We plotted \(\log_{10}\)(rank) versus \(\log_{10}\)(count) for 2,000 randomly sampled terms from each ontology. Terms were color-coded according to annotation status: red for terms with no annotations, green for terms correctly linked to their ontology ID, and blue for terms incorrectly linked. To reduce overplotting in the densely packed long tail of the distribution, jitter was applied to the marker positions. The resulting plots are shown for HPO (Fig. 7) and GO (Fig. 8). Since there is increasing evidence that LLMs struggle to retrieve information from the long tail of frequency distributions [21], [22], we specifically constructed these Zipf plots to evaluate the performance of GPT-4o and LLaMA 3.1 405B on the long tails of the HPO and GO ontologies.

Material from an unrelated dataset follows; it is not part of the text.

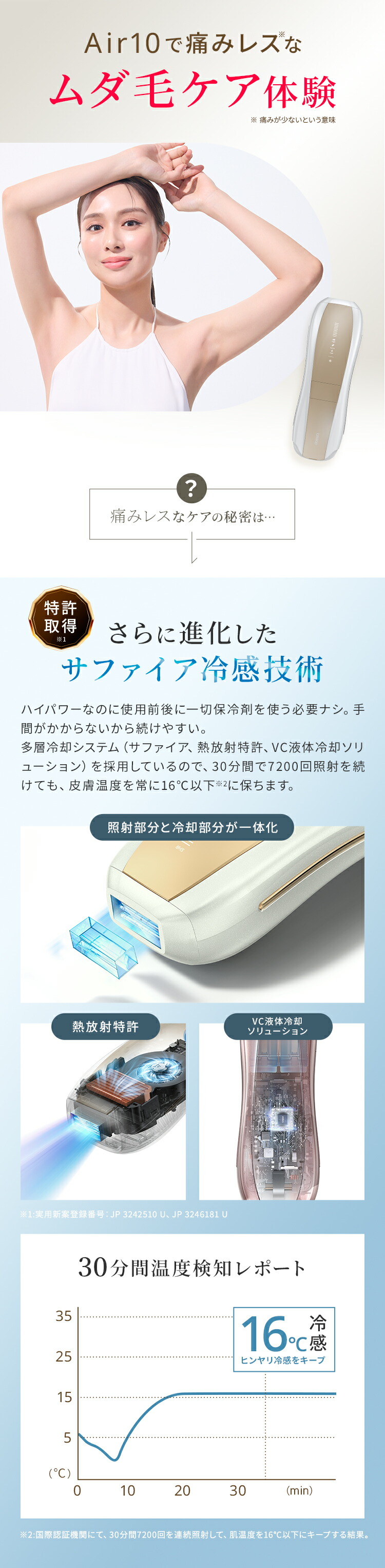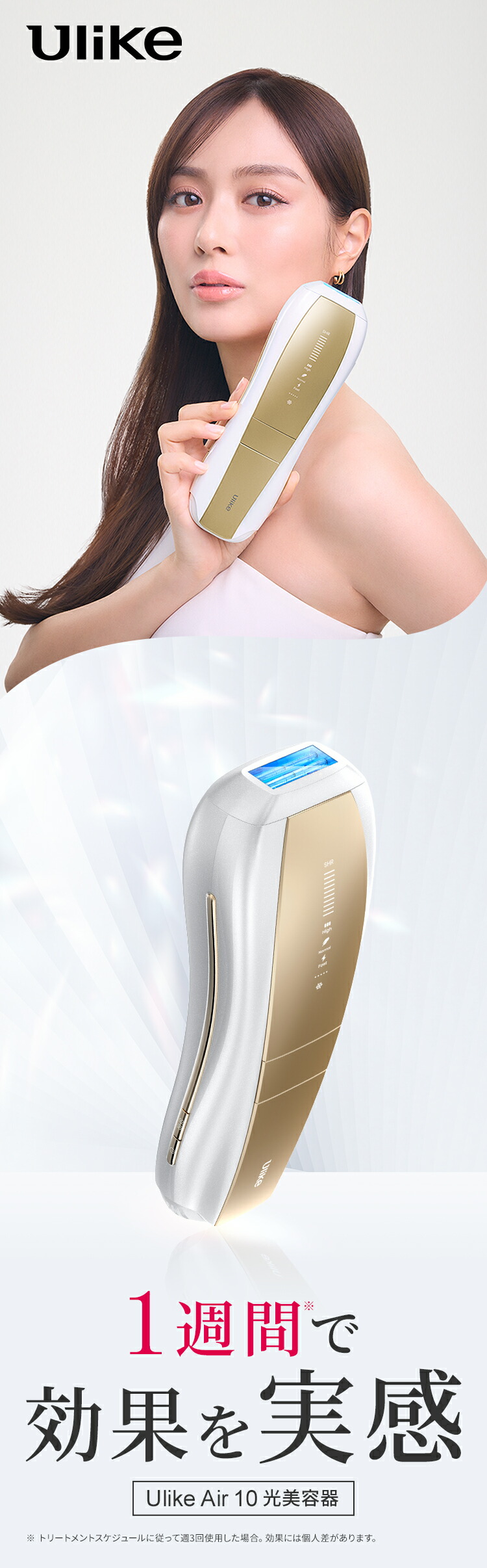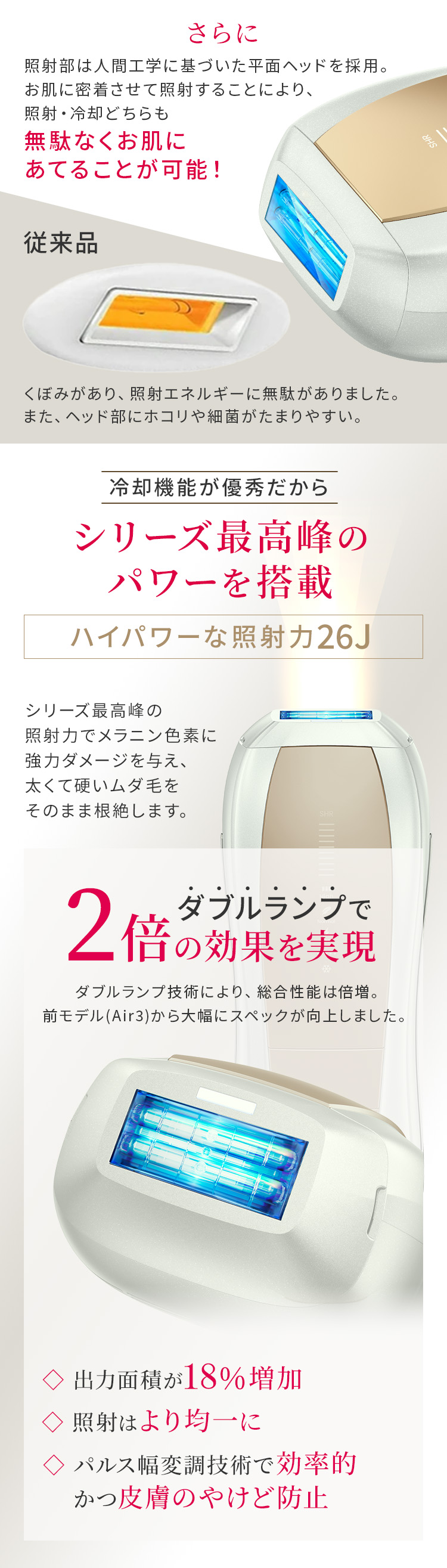 | 【最新サロン級IPL光脱毛器】 前モデル(Air3)から大幅にアップデートをしたAir10。 たった2回で効果を実感することが可能に。 当社最高峰のパワーと最新の冷却機能で、痛みを抑えて効果を実感できます。 【最大出力26J×ダブルランプ技術で効果倍増!】 前モデル(Air3)と比べ、エネルギー出力が26Jとパワーアップ! さらに新搭載のダブルランプ技術で大幅に機能が向上しました。 ・出力面積が18%増加 ・1回の照射でより強いパワー、より広範囲、より深くまで届くように。 ・照射はより均一に ・パルス幅変調技術で効率的かつ皮膚のやけど防止 【特許取得!冷感クールリング機能・痛みレス*】 ハイパワーなのに使用前後に一切保冷剤を使う必要ナシ! 手間がかからないから続けられます。 特許を取得した、Ulike独自のサファイア冷感技術で照射面を当てると同時に冷やすことが可能。 多層冷却システムを採用しているので、30分間7200回照射を続けても、皮膚温度を常に16℃以下*に保ちます。 ※痛みの感じ方には個人差があります。 ※国際認証機関にて、30分間7200回を連続照射して、肌温度を16℃以下にキープする結果。 【最短0.25秒間隔*の高速照射で時短ケア】 最短0.25秒間隔で光を高速照射する自動フラッシュ機能搭載。照射口の面積が当社従来品よりも広くなったため、より無駄なく効率的なケアが可能に。 脚など広い範囲でもスムーズにお手入れできます。 ※国際認証機関CVCにより、SHRモードで1秒に4回フラッシュする際の平均間隔を0.25sとした結果。 【新搭載のSHR*モード】 SHRモードは、エステサロンのムダ毛ケアにも採用されている、ハイパワーの光を肌への刺激を抑えながら高速連射できるモードです。 たとえば30J(ジュール)の光を、10J+10J+10Jに分割して連射することで、一括で照射するよりも肌への刺激を減らすことが可能です。 ※Strong Hair Removal 【充実のセット内容!プレゼントにもおすすめ】 パッケージ内容:Ulike Air10 IPL光美容器 1台/取扱説明書/クイックスタートガイド/専用収納袋/アダプター/ゴーグル保護メガネ/電源コード/カミソリ プレゼントとして贈った場合も、カミソリが同梱されているためすぐにムダ毛ケアが始められます。 使用方法や注意点などは、取扱説明書に記載されています。 【安心の2年保証】 お買い上げ日から2年間の保証を提供いたします。保証期間内に万が一、製品の部品および構造に欠陥があった場合、無償対応させていただきます。 |

Assessment of Feature Importance by Univariate Analysis. We evaluated the predictive value of nine candidate features in determining whether a large language model (LLM) would successfully normalize an ontology term to its correct identifier. For each feature, we calculated the mean z-score separately for correctly linked and incorrectly linked terms (Figs. 1 and 2). Statistical significance was assessed using independent-sample t-tests, and effect sizes were estimated with Cohen’s d. Figures display the difference between the mean z-scores for correctly and incorrectly linked terms, with features ranked by the absolute magnitude of d and grouped by direction to indicate whether they were positively or negatively associated with linking success.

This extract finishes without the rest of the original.